____ Data excerpts

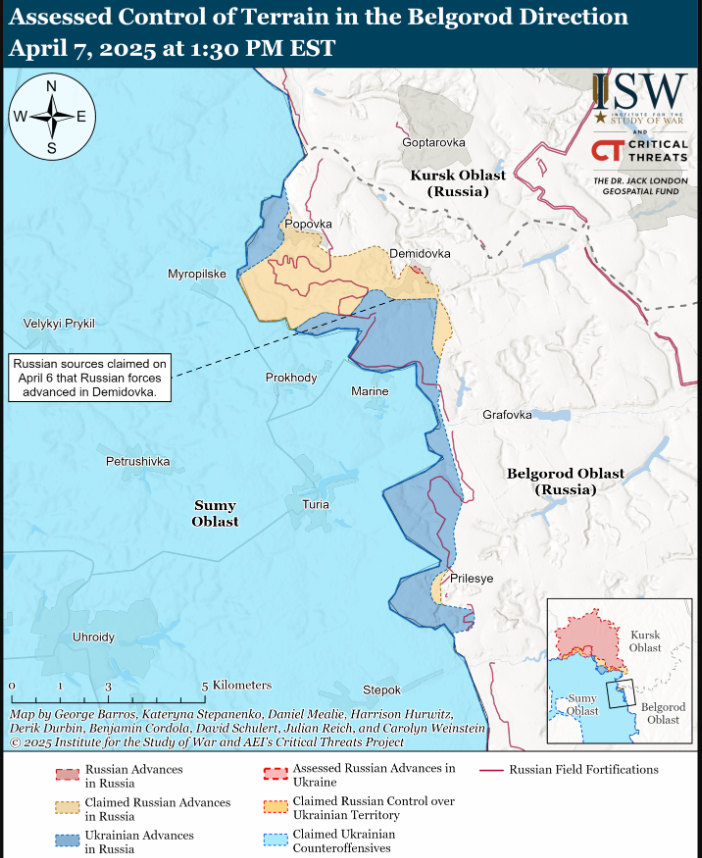 Согласно украинским сообщениям, ВСУ заняли около 13 кв. км территории в районе Демидовки. Зеленский одобрил действия ВСУ, подчеркнув, что «война должна вернуться туда, откуда она пришла». Президент Украины Владимир Зеленский впервые признал, что вооруженные силы Украины (ВСУ) удерживают позиции не только в части Курской области России, но и в соседней Белгородской области. «Мы проводим активные операции в приграничных районах на территории врага», - заявил глава государства в вечернем видеообращении, распространенном в Киеве в понедельник, 7 апреля. «Война должна вернуться туда, откуда она пришла», - добавил он. Со стороны России официальных подтверждений вторжения украинских войск в Белгородскую область нет, но местные власти частично утратили контроль над ситуацией после обстрелов приграничных территорий со стороны Украины. ... Всё это не нормально. И лишний раз показывает и говорит, что ВСЁ ЭТО нужно заканчивать... Люди при длительной такой ситуации теряют человеческий облик и каче
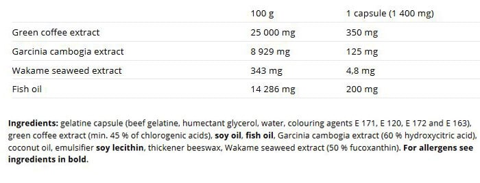 Περιέχει τις αυστηρά ελεγμένες δόσεις φυκιών, εκχυλίσματος πράσινου καφέ και γκαρσίνια καμπότζια. Δεν περιέχει καθόλου διεγερτικές ουσίες γι αυτό και είναι ιδανικό για λήψη ακριβώς πριν τον ύπνο.
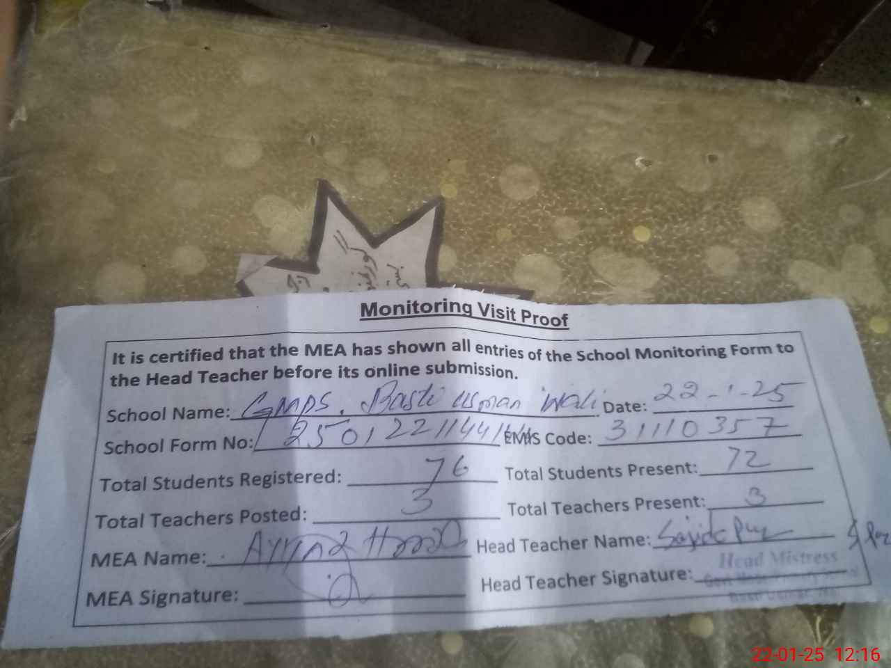 | EMIS Code: 31110357 | Name of School: GMPS BASTI USMAN WALI | |||
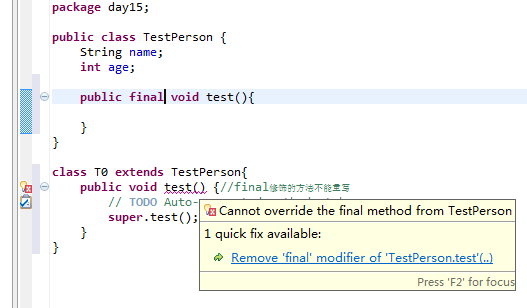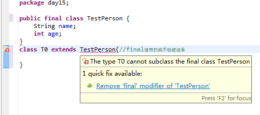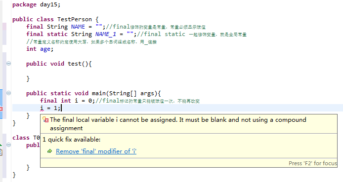 package day15; public class TestPerson { final String NAME = "";//final修饰的变量是常量,常量必须显示赋值 final static String NAME_1 = "";//final static 一起修饰变量,就是全局常量 //常量定义名称约定使用大写,如果多个单词组成名称,用_连接 int age; }
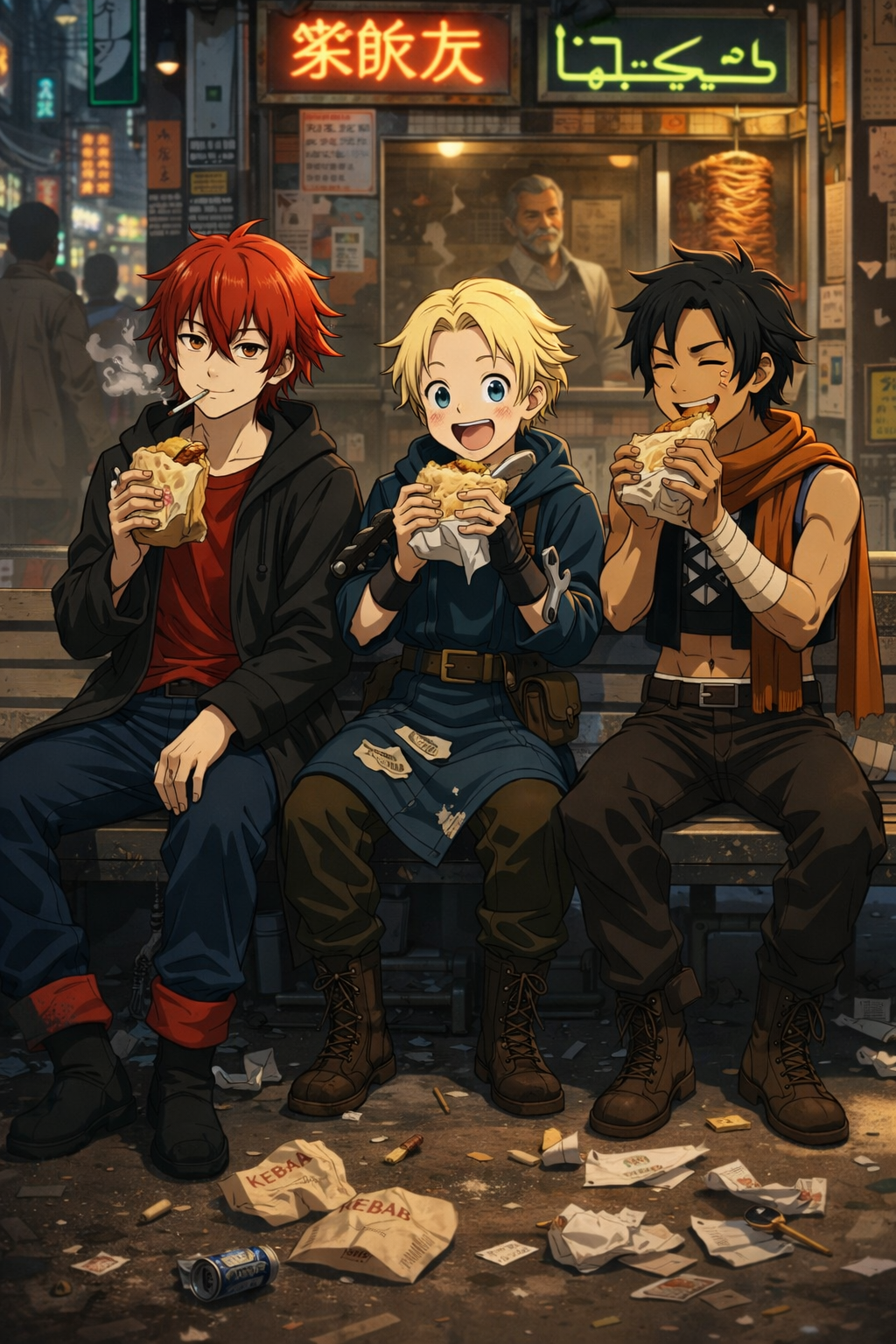 自分たちの周りには、食べ終わったケバブの包み紙、油で染みた紙ナプキン。

________

**Try it**
Without the pictures, give again exactly the lines above starting at the line containing "Περιέχει τις αυστηρά" and ending at the line containing "USMAN WALI | |||".

**Result of this exercise**
 Περιέχει τις αυστηρά ελεγμένες δόσεις φυκιών, εκχυλίσματος πράσινου καφέ και γκαρσίνια καμπότζια. Δεν περιέχει καθόλου διεγερτικές ουσίες γι αυτό και είναι ιδανικό για λήψη ακριβώς πριν τον ύπνο.
 | EMIS Code: 31110357 | Name of School: GMPS BASTI USMAN WALI | |||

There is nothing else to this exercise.